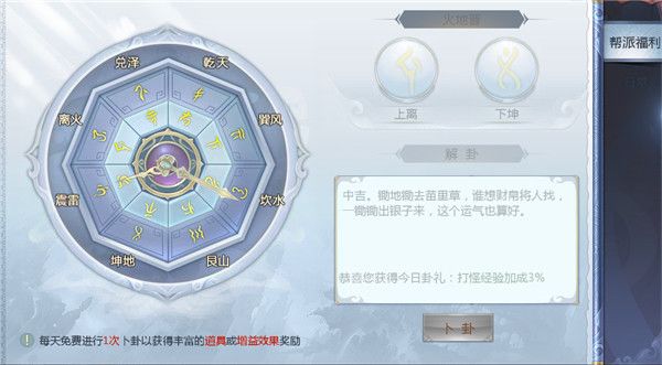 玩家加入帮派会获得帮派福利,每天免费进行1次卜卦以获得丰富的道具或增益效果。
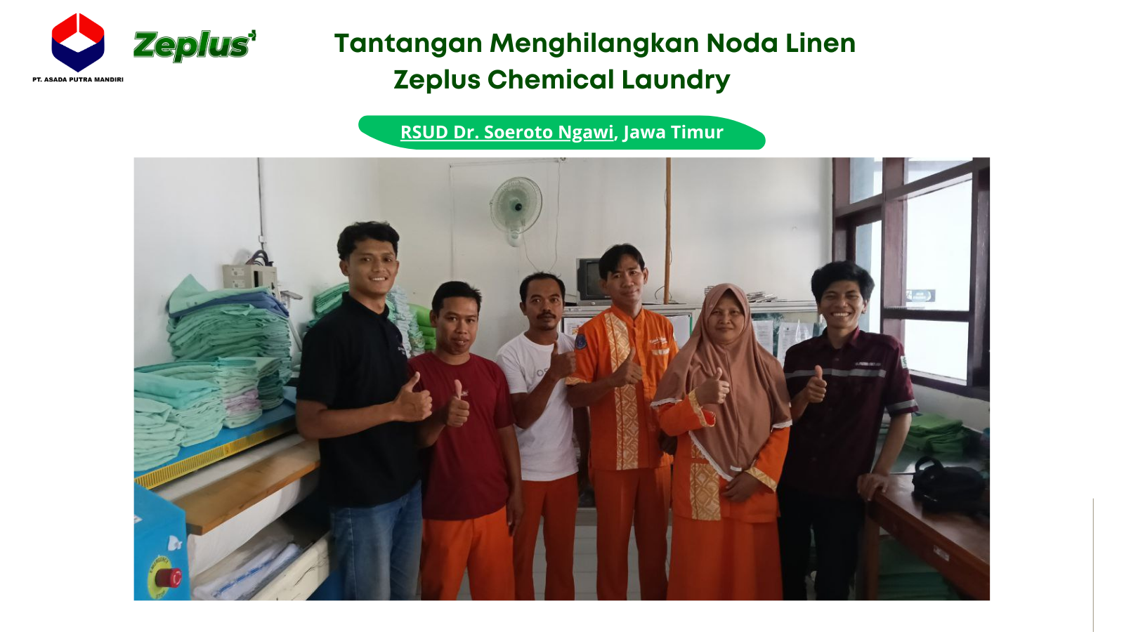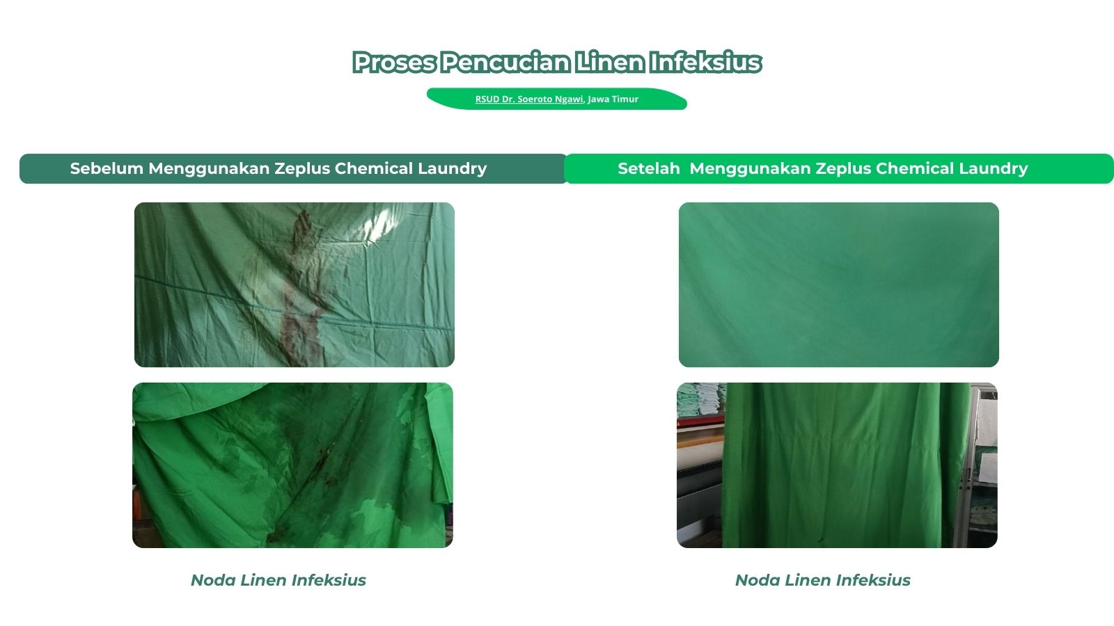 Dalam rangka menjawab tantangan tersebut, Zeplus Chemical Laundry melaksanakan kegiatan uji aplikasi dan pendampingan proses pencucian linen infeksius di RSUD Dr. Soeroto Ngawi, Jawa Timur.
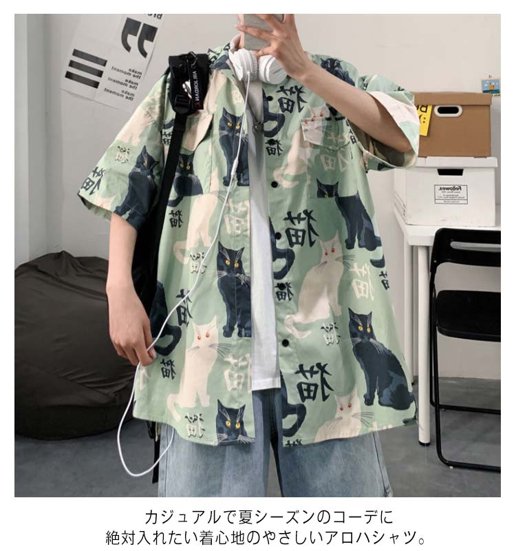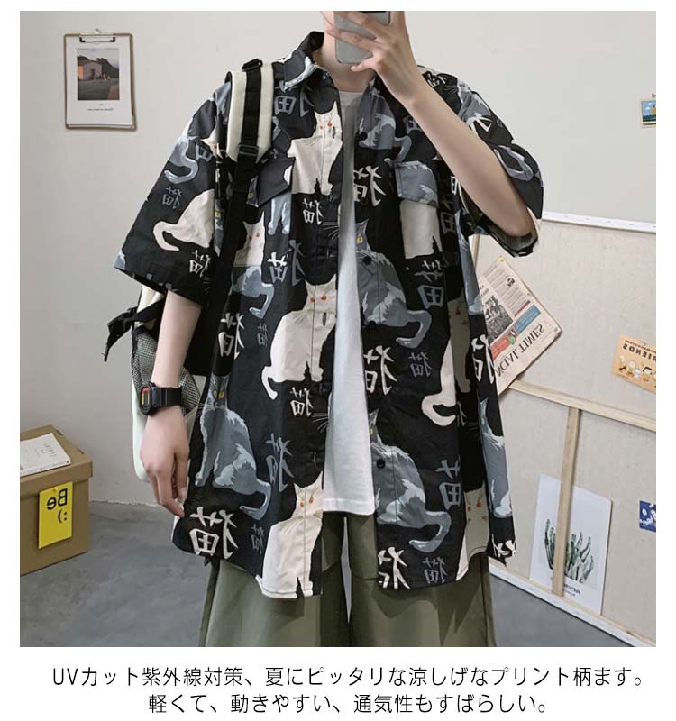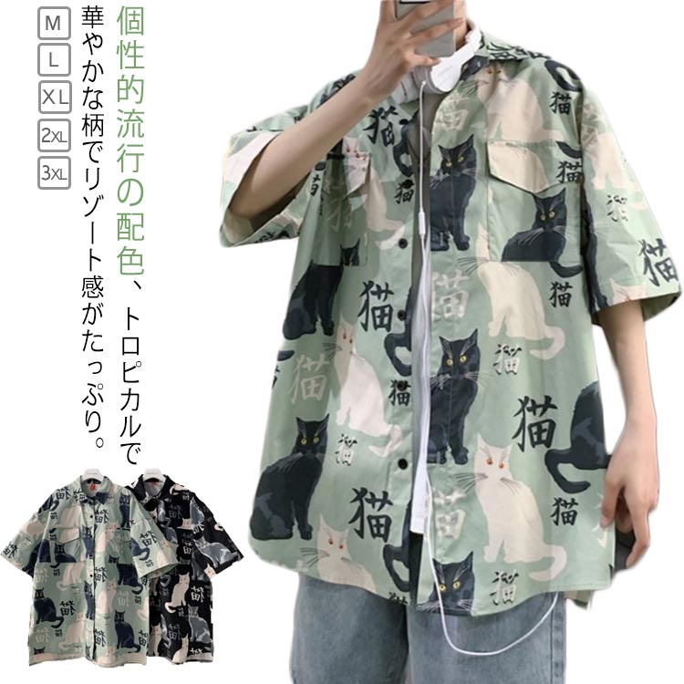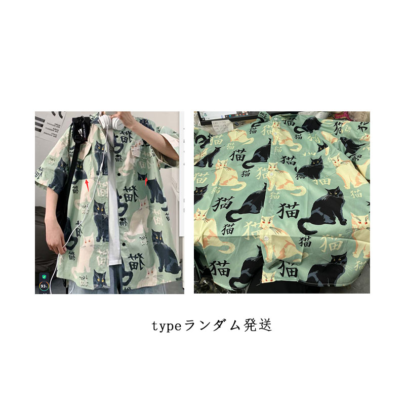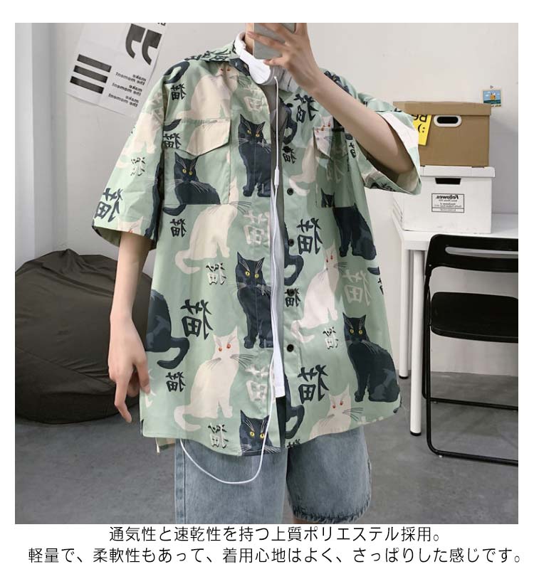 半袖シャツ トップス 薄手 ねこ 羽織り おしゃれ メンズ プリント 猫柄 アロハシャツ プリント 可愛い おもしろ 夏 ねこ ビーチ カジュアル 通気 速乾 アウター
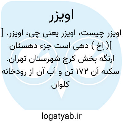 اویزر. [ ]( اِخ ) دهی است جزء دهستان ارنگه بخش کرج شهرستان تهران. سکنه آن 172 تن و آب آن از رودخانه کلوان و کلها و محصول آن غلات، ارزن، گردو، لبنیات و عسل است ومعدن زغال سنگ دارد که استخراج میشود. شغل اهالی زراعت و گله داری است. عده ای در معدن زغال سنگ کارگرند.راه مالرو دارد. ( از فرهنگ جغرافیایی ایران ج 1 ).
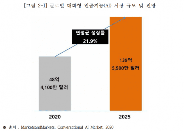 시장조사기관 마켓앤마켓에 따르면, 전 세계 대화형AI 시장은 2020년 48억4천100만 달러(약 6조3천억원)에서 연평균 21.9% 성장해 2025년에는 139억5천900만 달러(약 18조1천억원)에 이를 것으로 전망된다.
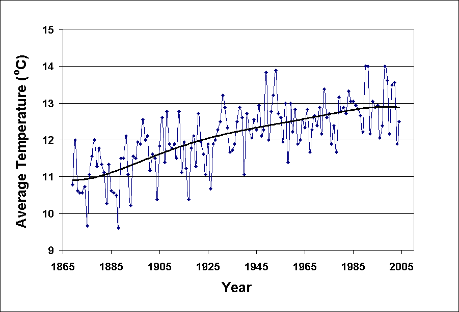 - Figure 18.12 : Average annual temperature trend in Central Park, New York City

▸ **About this exercise**: Your answer must be the full set of entries, set down exactly and without pictures.

▸ **Output**:
 玩家加入帮派会获得帮派福利,每天免费进行1次卜卦以获得丰富的道具或增益效果。
 Dalam rangka menjawab tantangan tersebut, Zeplus Chemical Laundry melaksanakan kegiatan uji aplikasi dan pendampingan proses pencucian linen infeksius di RSUD Dr. Soeroto Ngawi, Jawa Timur.
 半袖シャツ トップス 薄手 ねこ 羽織り おしゃれ メンズ プリント 猫柄 アロハシャツ プリント 可愛い おもしろ 夏 ねこ ビーチ カジュアル 通気 速乾 アウター
 اویزر. [ ]( اِخ ) دهی است جزء دهستان ارنگه بخش کرج شهرستان تهران. سکنه آن 172 تن و آب آن از رودخانه کلوان و کلها و محصول آن غلات، ارزن، گردو، لبنیات و عسل است ومعدن زغال سنگ دارد که استخراج میشود. شغل اهالی زراعت و گله داری است. عده ای در معدن زغال سنگ کارگرند.راه مالرو دارد. ( از فرهنگ جغرافیایی ایران ج 1 ).
 시장조사기관 마켓앤마켓에 따르면, 전 세계 대화형AI 시장은 2020년 48억4천100만 달러(약 6조3천억원)에서 연평균 21.9% 성장해 2025년에는 139억5천900만 달러(약 18조1천억원)에 이를 것으로 전망된다.
 - Figure 18.12 : Average annual temperature trend in Central Park, New York City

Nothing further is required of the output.